Война казанского губернатора и митрополита: как Волынский и владыка Сильвестр обменивались доносами
Нравы Казани XVIII века: травля волков в яблоневом саду, забитые насмерть «кошками» люди митрополита и погоня губернатора со шпагой за секретарем
Краевед, колумнист «Реального времени» Лев Жаржевский продолжает рассказывать о необычном губернаторе нашего края — Артемии Волынском. В сегодняшней колонке, написанной специально для нашей интернет-газеты, автор уделяет внимание эпичной борьбе светского руководителя Казанской губернии с духовным главой — митрополитом Сильвестром. Процесс сопровождался взаимными обвинениями, доносами в Москву и арестами.
Как владыка «драл» челобитные царю
В первой части наших заметок практически не было ничего собственно казанского. Вообще-то, это не так удивительно: первое губернаторство А.П. Волынского было, скорее, номинальным, он много времени проводил вне Казани. Гораздо больше казанского будет во второй части заметок. Эта часть посвящена так называемым «38 пунктам митрополита Сильвестра» — документу, где казанская жизнь того времени показана, как принято выражаться, «в стихах и красках».

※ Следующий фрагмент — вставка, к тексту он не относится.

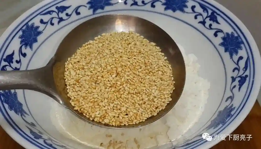 这里准备的是普通小麦面粉,芝麻里面选用的熟芝麻,外皮选用的是生芝麻。
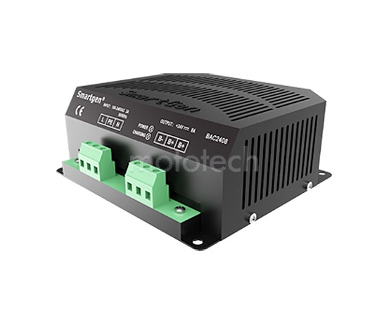 Зарядное устройство SmartGen BAC2408. Компактное и надёжное решение для обслуживания свинцово-кислотных аккумуляторов 24В. Устройство автоматически определяет степень заряда батареи и подбирает оптимальный режим зарядки, что значительно продлевает срок службы аккумулятора.
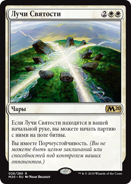 Если Лучи Святости находятся в вашей начальной руке, вы можете начать партию с ними на поле битвы.
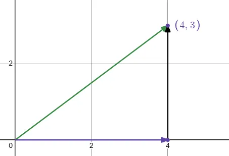 $$ ||\vec v|| = \sqrt{4^2 + 3^2} = 5 $$
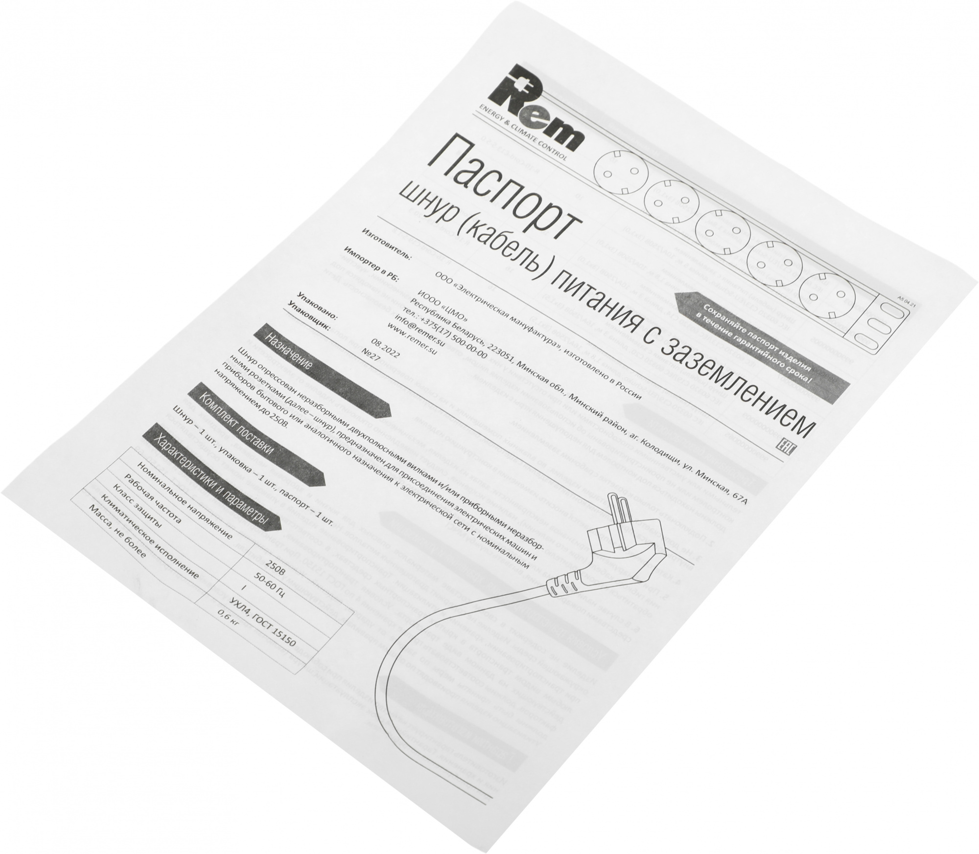 C19-C20 проводник.:3x1.5мм2 1.8м 220В 16А (упак.:1...
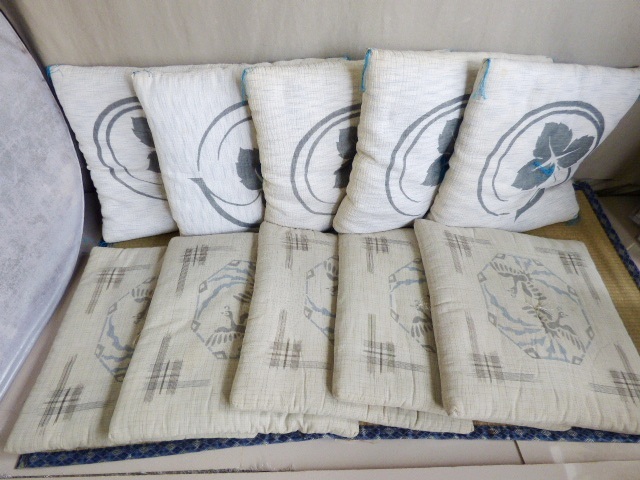 - む482○夏用の座布団10枚●2種類/鳳凰/植物/白系/お座敷/和室
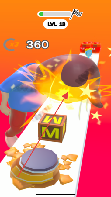 2、简单操作轻松上手:操作方式简洁直观,向下滑动屏幕即可让角色头部砸击物品,无需复杂按键或技巧,新手玩家也能快速掌握,在轻松操作中专注于躲避障碍。
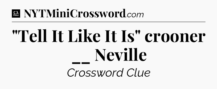 The clue “”Tell It Like It Is” crooner __ Neville” most recently appeared in a LA Times Crossword on June 13, 2018.
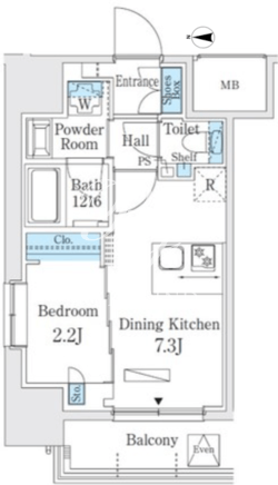 平米数 | 27.74m2 | 部屋詳細 | DK7.3帖/洋室2.2帖 |
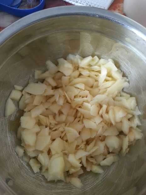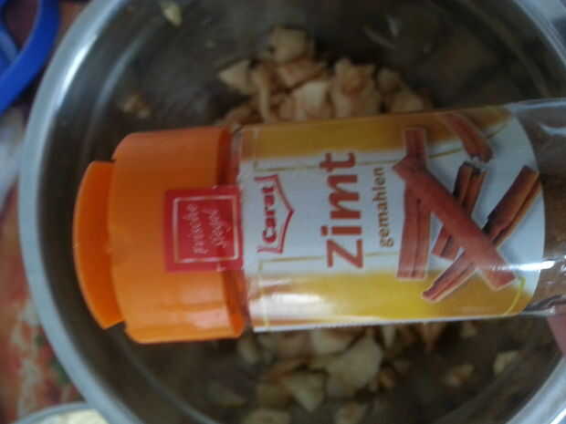 picar las manzanas en finas peces y añadir zimt 2 cucharadas y mezclar para difundir el zimt uniformemente en sus manzanas
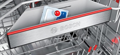 Szuflada BOSCH Vario3 ma nie tylko oddzielną przegródkę na każdy nóż, widelec i łyżkę, ale dzięki dwóm składanym czerwonym elementom pomieści także większe łyżki do zupy, szpatułki, małe filiżanki i pojemniki. Dzięki temu pozostaje więcej miejsca na pozostałe półki.
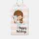 Cute and magical Nutcracker ballet themed Christmas party gift tags with a brown haired Clara and her beloved nutcracker as she leaps en pointe in her blue and white tutu and ballet slippers. You can change the wording from Happy Holidays to Merry Christmas. Contact me to change the hair and skin tone of this lovely ballerina. To and from on the back. Perfect for a children's Christmas party, corporate event, or a child's Nutcracker themed birthday party. Artwork © Chrissy H. Studios, LLC. All rights reserved.

Вот краткая справка о самом митрополите Сильвестре:
Из дворян, обучался в Киево-Могилянской академии, перед назначением на Казанскую кафедру (25 июня 1725 года, чуть спустя после назначения А.П. Волынского казанским губернатором) успел побывать митрополитом Нижегородским, Смоленским, Тверским. В силу интриг был лишен сана митрополита, но затем восстановлен в нем. При нем был освящен новопостроенный Петропавловский собор в Казани.
В первые годы митрополит и губернатор обходились без конфликтов. Во времена Екатерины I и Петра II Волынский не пользовался особым влиянием и вел себя сравнительно тихо. В марте 1730 года Синод обратился к делу бывшего архимандрита Ионы (Сальникеева), следствие было поручено Волынскому. Он сразу стал вести дело к оправданию Сальникеева и обвинению владыки Сильвестра. Пользуясь отсутствием митрополита в Казани, Волынский самовольно завладел архиерейским архивом, а секретаря архиерейского приказа Судовикова посадил под арест. Особенно заинтересовали Волынского показания о том, что владыка «драл» челобитные на имя царя, в которых его называли не митрополитом, а епископом. Архиепископ Феофан тоже обратил на это внимание, и Волынский получил указания заниматься только делом о монастырском имуществе, а все бумаги о «драных» челобитных передать в Синод. Это грозило владыке Сильвестру обвинениями уже не в самоуправстве, а в «государевом», то есть политическом преступлении.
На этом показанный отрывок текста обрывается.